Strict erad­i­ca­tion mea­sures apply, con­sist­ing of a clear cut of all host plants of the spe­cific sub­species of Xylella fas­tidiosa, irre­spec­tive of their health sta­tus, in a radius of 100 meters around the infected plants,” an EU spokesper­son said.

Although these mea­sures impact on the local agro-econ­omy, they are needed in the inter­est of the Union as a whole in order to pre­serve EU agri­cul­ture, as well as pub­lic and pri­vate gar­dens.”

The EU’s rig­or­ous erad­i­ca­tion plan was made and approved with numer­ous sci­en­tific con­sul­ta­tions. The plan would involve destroy­ing count­less more trees than those that are infected, which has led to wide­spread protests in Alicante.

Data from surveys of Xf cases in Alicante province

Razing all of the trees, both the healthy and the sick, is not the solu­tion, because we are no longer iso­lated cases,” Eladio Aniorte, the pres­i­dent of ASAJA Alicante, said. The infes­ta­tions have spread to three regions, and there is a high prob­a­bil­ity that new out­breaks will be announced soon.”

Aniorte and Ribes have both called on the Spanish gov­ern­ment to pub­lish the results of more than 7,000 test sam­ples it has taken in order for all those affected to know the true scope of the dis­ease.

Aniorte said a con­tain­ment plan could be equally effec­tive with­out incur­ring mas­sive dam­age to the region’s agri­cul­tural sec­tor. He also pointed out that Alicante is espe­cially impor­tant to Spanish agri­cul­ture since it receives more rain­fall than neigh­bor­ing com­mu­ni­ties, which also grow olives and almonds.
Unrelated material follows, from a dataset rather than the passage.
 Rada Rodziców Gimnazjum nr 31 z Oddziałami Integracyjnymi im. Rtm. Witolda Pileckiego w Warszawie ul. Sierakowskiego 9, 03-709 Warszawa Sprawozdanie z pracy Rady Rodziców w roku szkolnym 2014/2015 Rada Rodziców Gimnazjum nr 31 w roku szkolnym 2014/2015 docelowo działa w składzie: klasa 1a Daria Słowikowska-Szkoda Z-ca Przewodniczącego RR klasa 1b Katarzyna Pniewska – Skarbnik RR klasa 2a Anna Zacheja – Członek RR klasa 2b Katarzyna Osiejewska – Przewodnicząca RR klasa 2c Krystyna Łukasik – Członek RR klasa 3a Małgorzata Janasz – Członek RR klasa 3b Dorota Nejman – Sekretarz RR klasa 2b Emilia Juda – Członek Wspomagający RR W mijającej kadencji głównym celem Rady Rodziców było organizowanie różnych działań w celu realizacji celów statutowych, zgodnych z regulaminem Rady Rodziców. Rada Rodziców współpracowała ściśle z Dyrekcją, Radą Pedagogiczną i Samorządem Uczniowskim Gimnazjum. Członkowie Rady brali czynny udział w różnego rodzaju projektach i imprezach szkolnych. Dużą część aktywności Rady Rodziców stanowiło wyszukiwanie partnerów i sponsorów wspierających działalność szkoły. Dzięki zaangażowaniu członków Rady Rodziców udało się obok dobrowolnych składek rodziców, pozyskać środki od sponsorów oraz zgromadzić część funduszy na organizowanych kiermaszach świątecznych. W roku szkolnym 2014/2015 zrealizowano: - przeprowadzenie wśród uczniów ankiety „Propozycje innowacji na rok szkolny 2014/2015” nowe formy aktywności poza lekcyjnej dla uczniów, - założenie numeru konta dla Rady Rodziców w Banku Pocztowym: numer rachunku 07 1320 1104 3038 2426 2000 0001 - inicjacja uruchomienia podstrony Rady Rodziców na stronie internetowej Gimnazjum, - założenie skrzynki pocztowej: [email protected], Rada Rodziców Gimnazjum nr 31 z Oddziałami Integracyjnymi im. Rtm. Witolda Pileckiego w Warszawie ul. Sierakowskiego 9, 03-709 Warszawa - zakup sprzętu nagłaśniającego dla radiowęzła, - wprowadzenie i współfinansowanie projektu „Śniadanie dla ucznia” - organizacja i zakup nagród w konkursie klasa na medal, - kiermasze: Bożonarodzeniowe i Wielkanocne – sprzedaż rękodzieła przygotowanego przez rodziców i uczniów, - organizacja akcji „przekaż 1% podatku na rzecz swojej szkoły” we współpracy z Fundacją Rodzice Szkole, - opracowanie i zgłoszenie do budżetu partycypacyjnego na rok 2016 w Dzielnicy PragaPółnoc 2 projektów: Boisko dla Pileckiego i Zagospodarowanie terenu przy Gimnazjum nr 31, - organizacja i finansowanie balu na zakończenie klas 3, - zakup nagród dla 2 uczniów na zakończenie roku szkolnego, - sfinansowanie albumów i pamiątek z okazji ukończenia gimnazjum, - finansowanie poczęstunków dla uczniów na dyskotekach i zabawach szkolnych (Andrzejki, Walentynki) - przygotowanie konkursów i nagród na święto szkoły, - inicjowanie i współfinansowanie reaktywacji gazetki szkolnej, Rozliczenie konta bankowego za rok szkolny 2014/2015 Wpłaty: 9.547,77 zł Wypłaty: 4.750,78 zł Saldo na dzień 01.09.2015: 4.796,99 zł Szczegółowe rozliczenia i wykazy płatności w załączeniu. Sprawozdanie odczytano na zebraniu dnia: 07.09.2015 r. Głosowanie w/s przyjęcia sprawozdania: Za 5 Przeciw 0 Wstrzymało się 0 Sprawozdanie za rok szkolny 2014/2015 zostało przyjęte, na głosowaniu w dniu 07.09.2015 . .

We can not under­stand why the Council does not work to bring to the Ministry and Brussels a con­tain­ment plan that replaces the erad­i­ca­tion plan,” he said. It’s an equally effec­tive pro­to­col to pre­vent the spread of the infes­ta­tions, but less aggres­sive with those affected and the ter­ri­tory.”

Xylella fas­tidiosa has plagued south­ern Italy for five years now, forc­ing the gov­ern­ment to cut down tens of thou­sands of olive trees. Farmers in Italy have protested and also ques­tion whether the EU’s method is effec­tive.

Back in Spain, farm­ers and min­is­ters are both con­cerned about the poten­tial for the con­tin­u­ing expan­sion of the dis­ease, even if they do not agree on how to stop it.